Schematic of the data flow during a simulation.

Schematic of the data flow during a simulation.

Since the package supports several different backends, data can reside in various places (e.g., CPU or GPU). To avoid confusion, we adhere to the following principles: Data that the user manipulates directly should always be stored in numpy arrays on the CPU. In contrast, inner loops for solving PDEs can move memory to GPU or any other device. Consequently, operators typically assume that data is stored in the native version of the respective backend.

The data layout of field classes (subclasses of FieldBase) was chosen to allow for a simple decomposition of different fields and tensor components. Consequently, data is laid out in memory such that spatial indices are last. For instance, the data of a vector field field defined on a 2d Cartesian grid will have three dimensions and can be accessed as field.data[vector_component, x, y], where vector_component is either 0 or 1. Note that FieldCollection linearizes all vector- and tensor-components, to force all data in a unified array format. How this works is shown in the following example:

grid = pde.UnitGrid([7, 9])
scalar = pde.ScalarField.random_uniform(grid)
assert scalar.data.shape == (7, 9)
tensor = pde.Tensor2Field.random_uniform(grid)
assert tensor.data.shape == (2, 2, 7, 9)
collection = pde.FieldCollection([scalar, tensor])
assert collection.data.shape == (5, 7, 9)

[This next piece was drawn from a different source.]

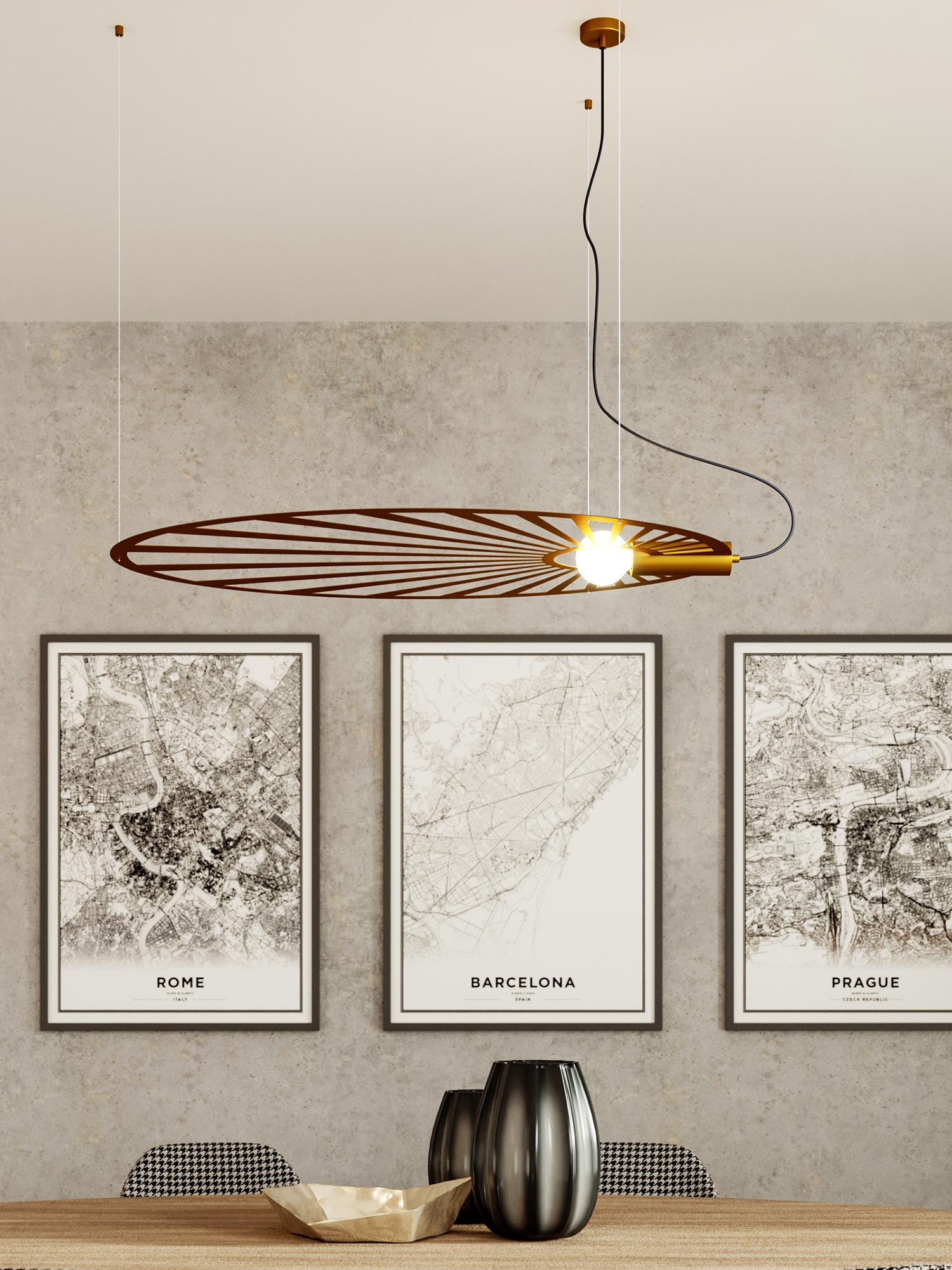 Jeżeli poszukujesz elementu, który doda twojemu wnętrzu subtelnego uroku i niezrównanego stylu, Lampa Wisząca Stalowa LIVIA spełni wszystkie Twoje oczekiwania. Inspiracją dla jej projektanta była fascynująca podróż do świata skandynawskiego minimalizmu, gdzie dominują proste kształty i bliskość natury. „LIVIA”, co w języku fińskim oznacza „liść”, idealnie wpasowuje się w te koncepcje, dostarczając produkt, który pięknie odzwierciedla doskonałość formy i prostotę designu.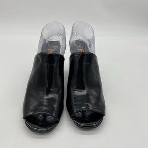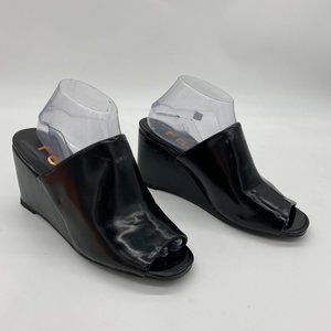 FSJ Black Peep Toe Heels Wedge Mules Summer Sandal

assert np.all(collection.data[0] == scalar.data)
assert np.all(collection.data[1] == tensor.data[0, 0])
assert np.all(collection.data[2] == tensor.data[0, 1])
assert np.all(collection.data[3] == tensor.data[1, 0])
assert np.all(collection.data[4] == tensor.data[1, 1])

3.5.4 Coding style

The coding style is enforced using ruff, based on the styles suggest by isort and black. Moreover, we use Google Style docstrings, which might be best learned by example. The documentation, including the docstrings, are written using reStructuredText, with examples in the following cheatsheet. To ensure the integrity of the code, we also try to provide many test functions, contained in the separate sub-folder tests. These tests can be ran using scripts in the scripts subfolder in the root folder. This folder also contain a script tests_types.sh, which uses mypy to check the consistency of the python type annotations. We use these type annotations for additional documentation and they have also already been useful for finding some bugs. Finally, we have pre-commit hooks, which you should install using pre-commit install.

We also have some conventions that should make the package more consistent and thus easier to use. For instance, we try to use properties instead of getter and setter methods as often as possible. Because we use numba or torch to speed up computations, we need to pass around (compiled) functions regularly. The names of the methods and functions that make such functions, i.e. that return callables, should start with ‘make_*’ where the wildcard should describe the purpose of the function being created.

3.5.5 Running unit tests

The pde package contains several unit tests, collected in the tests folder in the project root. These tests ensure that basic functions work as expected, in particular when code is changed in future versions. To run all tests, there are a few convenience scripts in the root directory scripts. The most basic script is tests_run.sh, which uses pytest to run the tests. Clearly, the python package pytest needs to be installed. There are also additional scripts that for instance run tests in parallel (needs the python package pytest-xdist installed), measure test coverage (needs package pytest-cov installed), and make simple performance measurements. Moreover, there is a script test_types.sh, which uses mypy to check the consistency of the python type annotations and there is a script format_code.sh, which formats the code automatically to adhere to our style.

Before committing a change to the code repository, it is good practice to run the tests, check the type annotations, and the coding style with the scripts described above.